Turkey's ruling Justice and Development Party (AK Party) spokesperson Ömer Çelik criticized European countries for employing new measures to prevent migrant arrivals, noting that they expect these countries to take concrete steps to prevent violence against migrants.
"European democracies are sinking in the Mediterranean," Çelik told reporters in the capital, Ankara, following a meeting of the AK Party's Central Executive Board.
Referring to the high-tech sound bombs deployed by Greece to deter asylum seekers, Çelik said these bombs are louder than an airplane flying close overhead and that medical reports found that people who come into contact with them suffer injuries.
"Why is Greece doing this? So that no migrant comes to their border. They talk about protecting Europe's borders to legitimize this," he said.
"And then you talk about European values ... While our president gives them information, documents and videos about the Greek coast guard's actions in sinking the migrant boats, they still claim they do not know about it," he added, referring to evidence Turkey has provided European Union bodies about the abuse and mistreatment at the border.
In March 2020, after Turkey stopped trying to block migrants and refugees from reaching Greece's border by land, Greek border guards wounded thousands of them and killed several.
The harsh Greek reaction to the migrants included blast bombs, rubber bullets, live ammunition and tear gas.
Greek border police are firing bursts of deafening noise from an armored truck over the frontier into Turkey. Mounted on the vehicle, the long-range acoustic device, or “sound cannon,” is the size of a small TV set but can match the volume of a jet engine.

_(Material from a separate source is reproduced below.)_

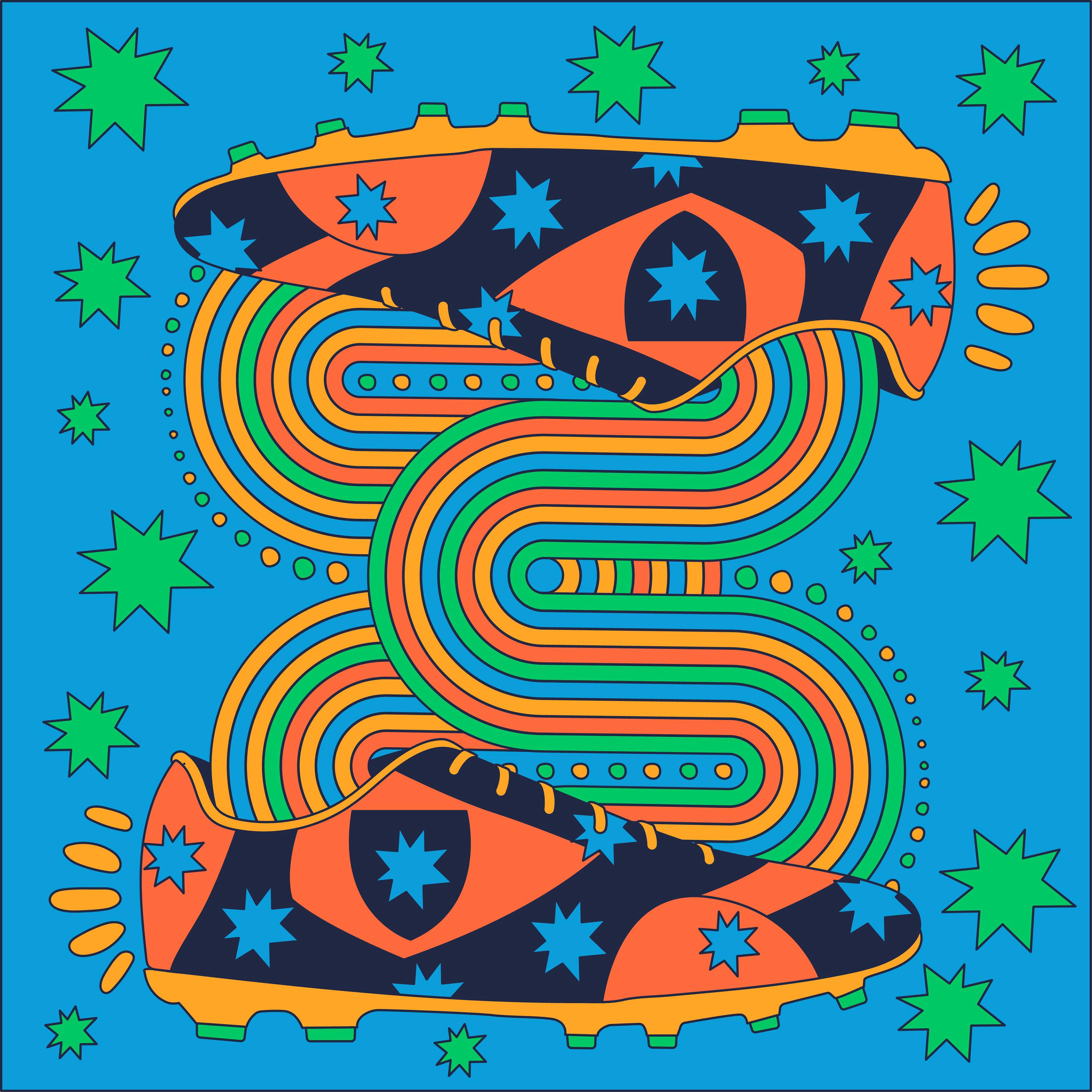 The design was my take on the connection between a coach & their player. The shoes represent the player and the coach. The colorful lines connecting them are the similar roads both coach and player have experienced from training to bonding with teammates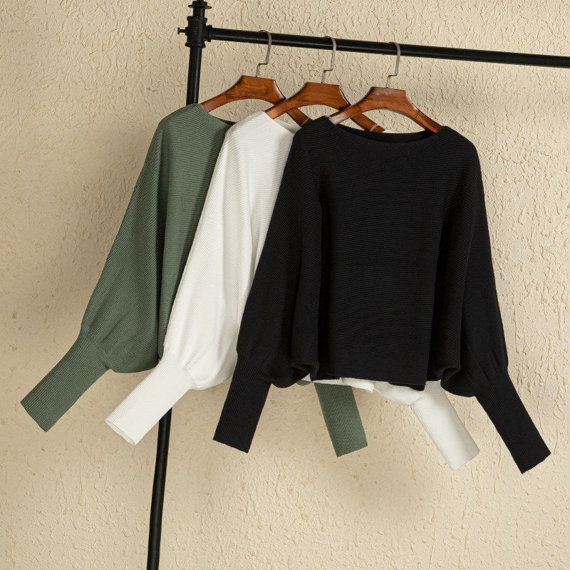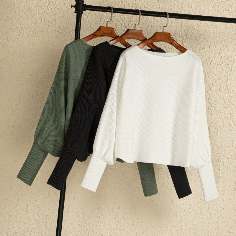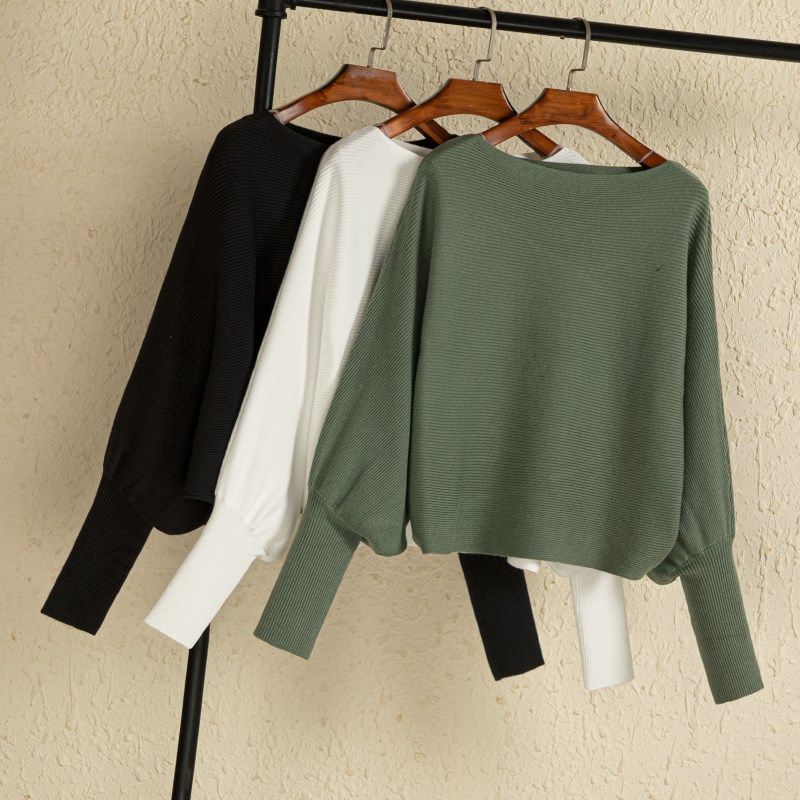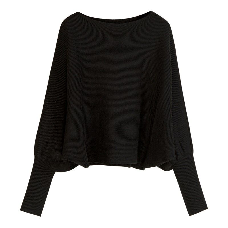 秋季黑色时尚款女式蝙蝠袖打底衫毛衣针织衫长袖短款宽松套头上衣

It is part of a vast array of physical and experimental new digital barriers being installed and tested during the quiet months of the coronavirus pandemic at the 200-kilometer (125-mile) Greek border with Turkey to stop people entering the EU illegally.
A new steel wall, similar to the recent construction on the U.S.-Mexico border, blocks commonly-used crossing points along the Evros (Meriç) River that separates the two countries.
Nearby observation towers are being fitted with long-range cameras, night vision and multiple sensors. The data will be sent to control centers to flag suspicious movement using artificial intelligence analysis.
The EU has poured 3 billion euros ($3.7 billion) into security tech research following the refugee crisis in 2015-16, when more than 1 million people – many escaping wars in Syria, Iraq and Afghanistan – fled to Greece and then on to other EU countries.
The automated surveillance network being built on the Greek-Turkish border is aimed at detecting migrants early and deterring them from crossing, with river and land patrols using searchlights and long-range acoustic devices.
Human rights groups have also documented hundreds of cases of migrants being robbed, abused and stripped by Greek forces along the land border, or being forcibly pushed back in boats along coastal borders, in cooperation with Frontex, the EU border agency.
Çelik said they would not interfere in the internal affairs of another state, but that the era of Israeli Prime Minister Benjamin Netanyahu was a bad one.
"It is a bad period both for the two-state solution and for the more and more illegal settlements that the EU considers illegitimate. It was a bad period in terms of rising violence, an extremely ugly and bad period in terms of rising provocations and the most recent disrespect toward Al-Aqsa Mosque and Jerusalem," he said.
Saying that all these acts of violence greatly damaged the future of everyone and the prospects for peace, Çelik said that the Netanyahu era was also a bad period in terms of corruption, instability, violence and the sabotaging of the two-state solution.
Referring to ongoing efforts by a coalition of Israeli parties to oust Netanyahu, Çelik said Turkey hopes that whoever succeeds him will take a more prudent approach to all these issues, especially toward the two-state solution.